RECORDS FOR THIS TASK —
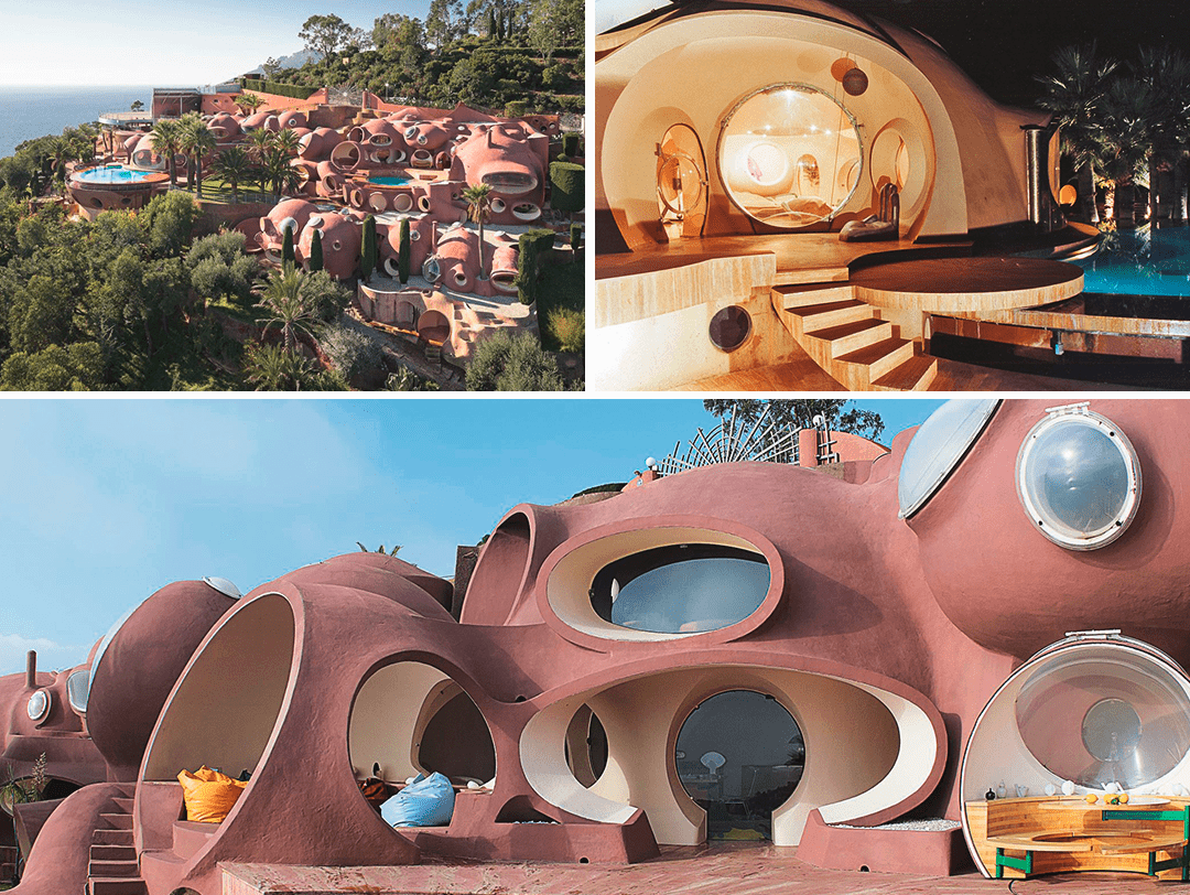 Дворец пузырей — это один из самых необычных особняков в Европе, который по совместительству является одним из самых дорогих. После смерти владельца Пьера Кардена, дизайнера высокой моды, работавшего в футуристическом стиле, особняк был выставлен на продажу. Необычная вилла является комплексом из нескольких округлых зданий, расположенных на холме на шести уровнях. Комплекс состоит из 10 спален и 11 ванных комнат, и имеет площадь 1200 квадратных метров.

...

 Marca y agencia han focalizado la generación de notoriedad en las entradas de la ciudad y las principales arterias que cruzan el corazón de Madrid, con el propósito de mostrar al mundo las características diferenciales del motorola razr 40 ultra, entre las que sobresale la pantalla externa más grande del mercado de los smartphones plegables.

---

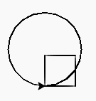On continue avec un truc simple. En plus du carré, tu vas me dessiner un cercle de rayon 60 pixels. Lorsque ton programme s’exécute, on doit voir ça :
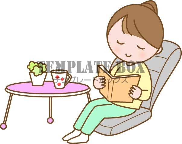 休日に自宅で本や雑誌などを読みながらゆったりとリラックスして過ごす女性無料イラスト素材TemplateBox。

WHAT THIS TASK INVOLVES — Look through the listing above for the line with "On continue avec" and the line with "休日に自宅で本や雑誌などを読". Write out exactly those lines and everything between, leaving out pictures.

OUTPUT FOR THIS EXERCISE —
On continue avec un truc simple. En plus du carré, tu vas me dessiner un cercle de rayon 60 pixels. Lorsque ton programme s’exécute, on doit voir ça :
 休日に自宅で本や雑誌などを読みながらゆったりとリラックスして過ごす女性無料イラスト素材TemplateBox。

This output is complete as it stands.